It is not the U-turn in foreign policy that Ronald Reagan made with the Soviet Union in his second term. It is more like a skid on an icy road: The Bush administration has lurched from insisting on isolating its enemies abroad to adopting a more sophisticated diplomatic strategy of conditional engagement with North Korea and Iran.
Think about what you have heard, and not heard, in response to North Korea's sudden decision last week to return to the six-party negotiating table in Beijing. What you heard was applause from an administration that in the past insisted on achieving moral clarity in foreign policy by not rewarding adversaries for bad behavior. But when North Korea said it wanted to talk again, the White House issued immediate upbeat assessments - despite Pyongyang's having tested a nuclear weapon three weeks earlier.
I doubt that President Bush has abandoned his black-and-white view of the world's bad and good guys. But Bush has allowed the State Department to outflank Vice President Cheney and others in his administration who prefer confronting the bad guys where possible and the good guys where necessary.
The change is even more pronounced on Iran. While conventional wisdom holds that the administration is at fault for not talking to Iran, it is the Iranians who seem more reluctant today to engage in a serious dialogue with Washington.
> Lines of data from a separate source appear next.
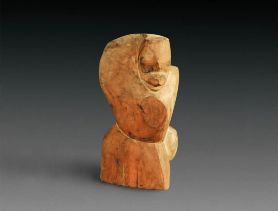 彩繪木猴,漢代,一級(jí)文物。武威市磨嘴子漢墓出土。寬 17.3 厘米,高 32.5 厘米。木質(zhì),由整木削制而成,全身施黑、白、紅三彩,木猴呈蜷縮、蹲臥狀,刀法簡(jiǎn)潔質(zhì)樸,充滿藝術(shù)感。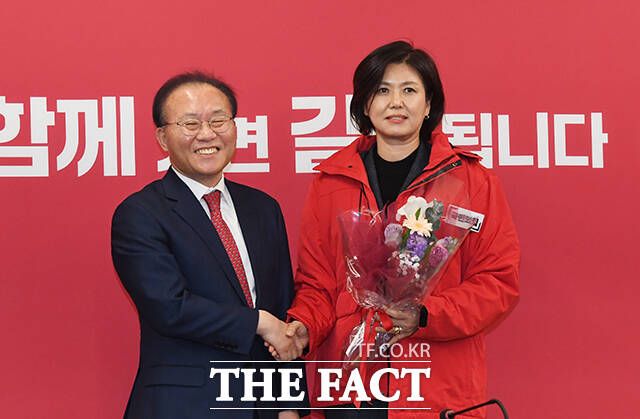 진양혜 전 KBS 아나운서에게 꽃다발을 선물하는 윤재옥 원내대표(왼쪽).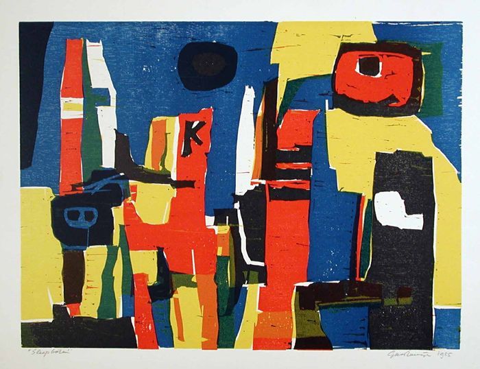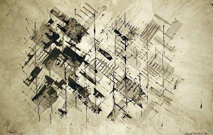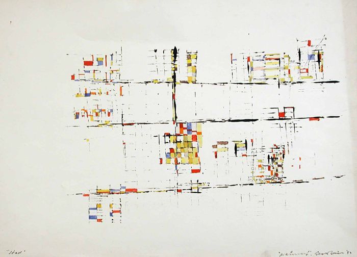 Aquarel getiteld "Stad", bestaande uit geabstraheerd...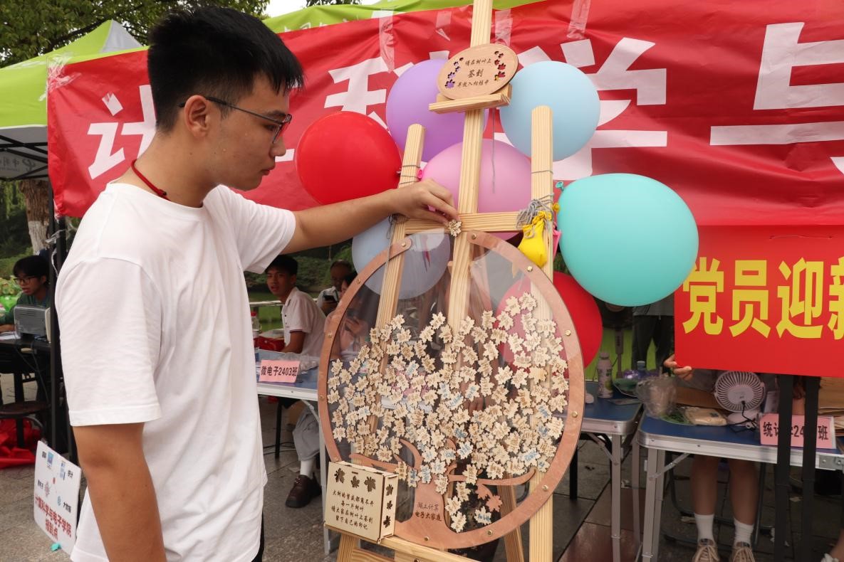 紅色第一課:傳承紅色基因 賡續紅色血脈“今年是新中國成立多少周年呢?”“中國共產黨是何時誕生的?”學院在迎新點上設立了“我講‘新’聲給黨聽”展示板、“流動紅色故事館”、黨史知識有獎問答,“青馬青語”宣講團的志愿者們在迎新現場一一為新生們講述紅色故事,有黨史故事、新中國史故事、改革開放史故事...“初到湖工校園,就感受到了學校濃濃的紅色基因。在未來的四年學習生活中,我要努力學習科學文化知識,報效祖國,腳踏實地為青春積蓄青春力量。”24級第一個報到新生信息與計算科學專業吳智遠說道。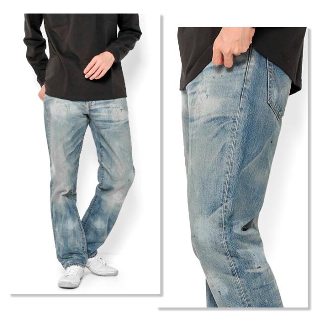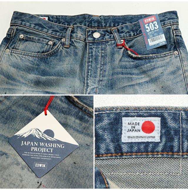 EDWIN エドウィン 503 E50323 レギュラーストレート ジーンズ 1036 中色ブルー メンズ デニムパンツ USED加工 ペイント カイハラデニム 国産 日本 綿100% リペア加工 13.25oz 通年 オールシーズン ズボン ロングパンツ ジーパン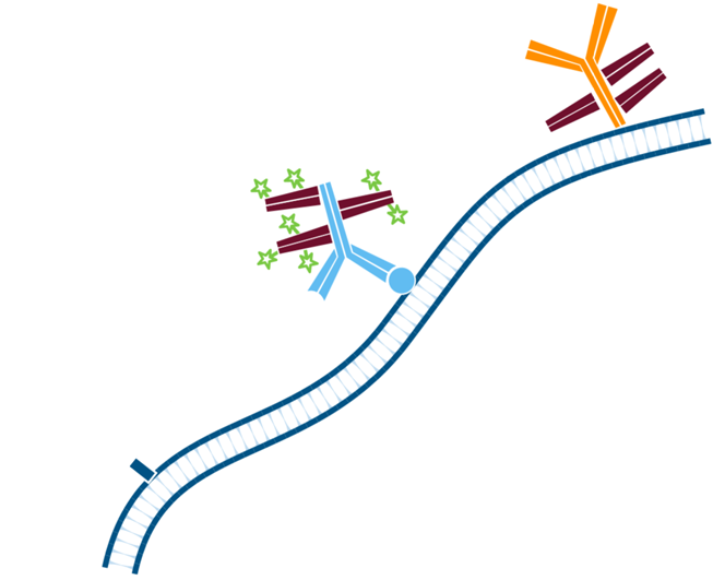 Step 6. The sample is then incubated with the Mouse Anti-Antigen Y (more abundant target) complexed with Rhodamine Red-X conjugated FabuLight (Goat Anti Mouse IgG1, Fcγ fragment specific). Wash.

A series of public and secret contacts between the two countries in the past two months has underlined the administration's move toward engagement.
Secretary of State Condoleezza Rice offered to join personally in high-level international negotiations over Iran's nuclear program once the Iranians suspend uranium enrichment for the duration of the talks. That offer has - at her request - been conveyed to Tehran by European negotiators with no results, involved diplomats tell me.
In September, the administration informed Iran directly of its willingness to allow General Electric to export spare parts for turbine engines to Iran Air because of concerns over the airline's safety record. After initially expressing doubt that the offer was genuine, Iran came back with a positive answer, and export permits were issued with little fanfare on Sept. 29.
And when Ali Larijani, Iran's chief nuclear negotiator, suddenly asked U.S. officials to expedite the issuance of 150 visas for the Iranian delegation he wanted to bring with him to New York for a meeting with European Union officials in mid-September, lights were kept burning late in the U.S. Embassy in Berne, Switzerland, to meet the request - only to have Larijani cancel the trip, and then deadlock the talks.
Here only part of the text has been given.